U.S. President Donald Trump and North Korean leader Kim Jong Un may both be returning to their home countries empty-handed after failing to come to an agreement on North Korea’s denuclearization Thursday, but experts remain optimistic that they walked away from the negotiation table on good terms.

Shortly after talks began on Thursday, Kim and Trump reportedly found themselves at an impasse. Trump said during a press conference that during the talks Kim had offered to dismantle North Korea’s Yongbyon nuclear research facility in exchange for total sanctions relief, something the U.S. was not prepared to give.

“President Trump showed that he doesn’t want a deal so bad that he is willing to make a bad deal. So President Trump was absolutely right for walking away from a deal,” said David Maxwell, a Senior Fellow at The Foundation for Defense of Democracies in an interview with RFA’s Korean Service Thursday.

Trump’s claim has been disputed by North Korea’s Foreign Minister Ri Yong Ho, who said that Pyongyang only sought partial sanctions relief.

With both sides now pointing fingers at each other, several experts said that it is clear that the two leaders went into the summit further apart than they both realized, and this emphasized a need for more lower-level diplomatic engagement prior to a high profile summit.

“What the Hanoi outcome underscores is the critical importance of moving away from head of state summits and establishing an effective diplomatic process that empowers the U.S. and North Korean negotiating teams,” said Kelsey Davenport, the Director for Nonproliferation Policy at the Arms Control Association, during a conference call with reporters.

“Working-level talks are a much more appropriate forum for hammering out the details on concrete verifiable actions that roll back Pyongyang’s nuclear program in exchange for measured addressing of North Korea’s economic and security concerns,” she added.

Former congressman John Tierney, now the executive director of the Center for Arms Control and Non-Proliferation agreed, saying “The leaders’ role is to pull rabbits out of the hat, but technical experts and diplomats, their job is to put rabbits into the hat.”

He was critical of those who believed the president had negotiation skills sufficient enough to resolve these issues on a one-to-one basis.

“Now I think we can hope that the reality TV portion of the program is over. We can hope that the president finally allows those experienced technocrats and diplomats to get to work with their counterparts from North Korea, and work toward a process to build trust with some incremental, reciprocal actions that would lead to a desired result,” he added

The level of disappointment is high among many experts, but some have said that the outcome was not a disaster and said that Trump and Kim did not burn any personal bridges between them, indicating that negotiations could be ongoing.

“The silver lining, I think, from not getting this joint statement, I would say, look at the last sentence of that White House statement that said no agreement was reached at this time, but their respective teams look forward to meeting in the future,” said Richard Johnson, a Senior Director at the Nuclear Threat Initiative.

Erica Fein from the Washington-based Win Without War advocacy coalition also felt that a continuation in negotiations was likely.

“We’ve got to take the long view here.

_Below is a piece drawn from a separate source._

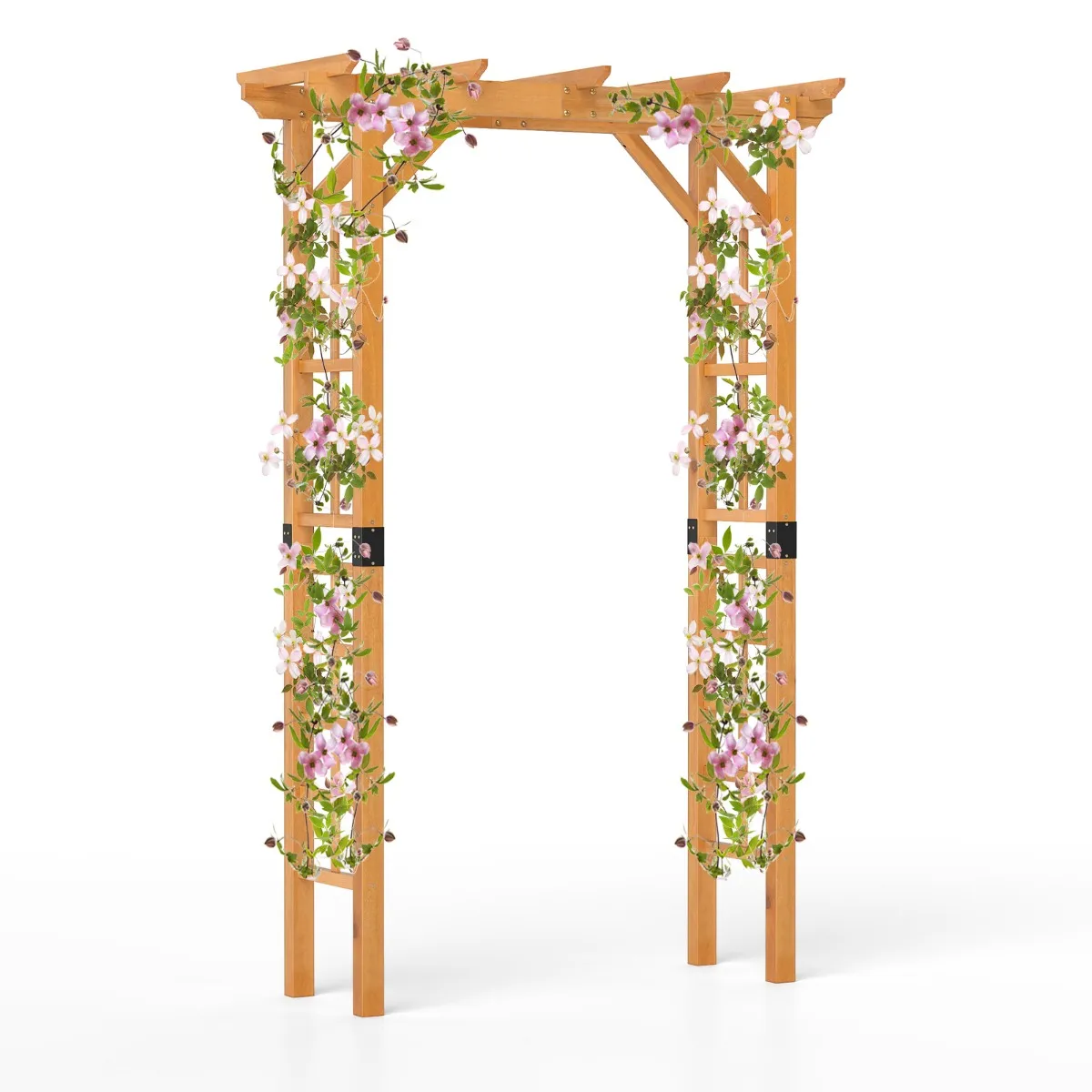 【Stevige, betrouwbare constructie】: Gemaakt van natuurlijk dennenhout en verstevigd met stevige metalen verbindingsstukken, is deze tuinboog betrouwbaar en bestand tegen kromtrekken, ontworpen om lang mee te gaan. Bovendien is het houten oppervlak behandeld met een beschermende verf om het te beschermen tegen slijtage.
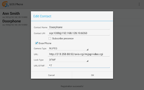 - The "Contact URI" should be set to the address of the door phone (e.g. sip:[email protected], where 100 is SIP username of the door phone and 10.10.2.1 is the address of the registrar).

There are always setbacks in diplomacy and that is clearly what this is, but I’m optimistic that the door is still open,” she said.

“It will take a lot of skill from those invested in a better outcome, like [South Korean] President Moon Jae-In, and South Korean and U.S. civil society to make this a priority for,” said Fein.

But there are some who doubt a deal will ever be reached.

“I think the prospect for successful negotiation in the future is not so high,” said Sue Mi Terry of the Center for Strategic and International Studies.

“How do you [continue] from here? We don’t even have [an] agreed upon definition of denuclearization, we don’t have [an] agreed timeline, [or an] agreed road map,” she said.

“Kim and Trump met at highest level. I don’t think it’ going be easy.”